Cornwall’s traditional industries were tin mining, slate quarrying, and fishing. The soil here is rocky, so most of the farming involves grazing. Plowing this soil must’ve broken many a heart, not to mention a back.
The tin mines were closed under Maggie Thatcher, and although every so often I read that one or another of them is going to reopen, so far none have. A few boats still fish commercially, but factory fishing has left the seas seriously depleted. And some of the slate quarries still operate, but the primary industry these days is tourism, leaving Cornwall with stunning views, low-wage, seasonal work, and high house prices.
Sorry, I didn’t mean to brood.

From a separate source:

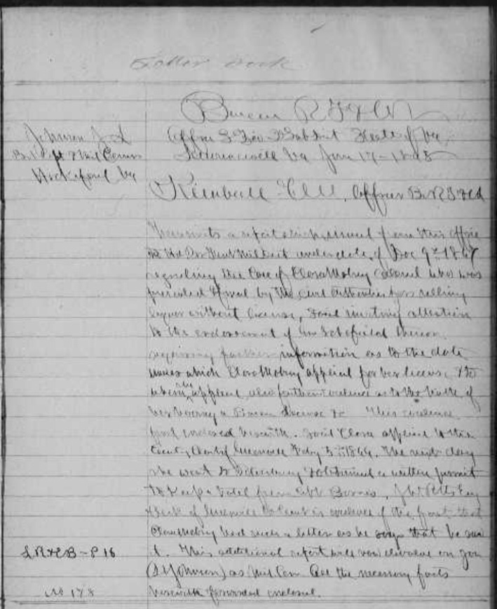 Referring to the second case allotted to the commission of Peter K Jones (herewith returned) stating that CLARA MABRY colored is being prosecuted by the civil authorities for selling liquor under a license from the Bureau, reports that he (Lt Kimball) he’s carefully investigated the matter + finds that the said CLARA MABRY has been presented + find fifty -50- dollars for selling (as the civil authorities claim) liquor contrary to the laws of the state. Finds after the investigation that she had a United States license granted by Simone Stone Int. Rev. Collector Petersburg Va and also a written permit from Capt Stewart Barnes then Supt 2nd Sub Dist Va. to keep a hotel or sell liquor which was given after the county court refused to grant her license, I have informed the civil authorities that I do not consider that they had any right under the circumstances to prosecute this woman whether she had sufficient authority or not, for she …under it in good faith. Consider the prosecution presented only by a spirit to oppress this poor woman to edify the military. The fine not as yet paid advise the said CLARA MABRY not to pay it at present but to inform his (Lt Kimball) at once if they attempt to collect it or disturbs her further in the matter. Regards the case in for military interference if necessity requires.
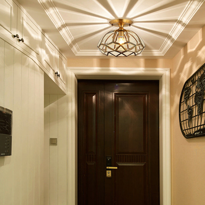 Modern Luxury Round Dome Diamond Shape Brass Frame Glass Shade 1-Light Semi-Flush Mount Ceiling Light For Living Room

We’re taking a walk. The weather’s perfect. Smile, everyone. We’re starting at St. Materiana church, outside Tintagel.
An abandoned slate quarry, with a bit of thrift growing on the right
This is spoil from an abandoned quarry–the rock that wasn’t usable. The Coast Path goes right by it. Note the tilted horizon. That’s my doing. The real horizon is just where it belongs. Work in quarries like this must’ve been hellish at times, out on the cliff edge in the wind and driving rain. From what I’ve been told, young boys were sent over the clliff edges in baskets to blast the rock. They were lighter than grown men.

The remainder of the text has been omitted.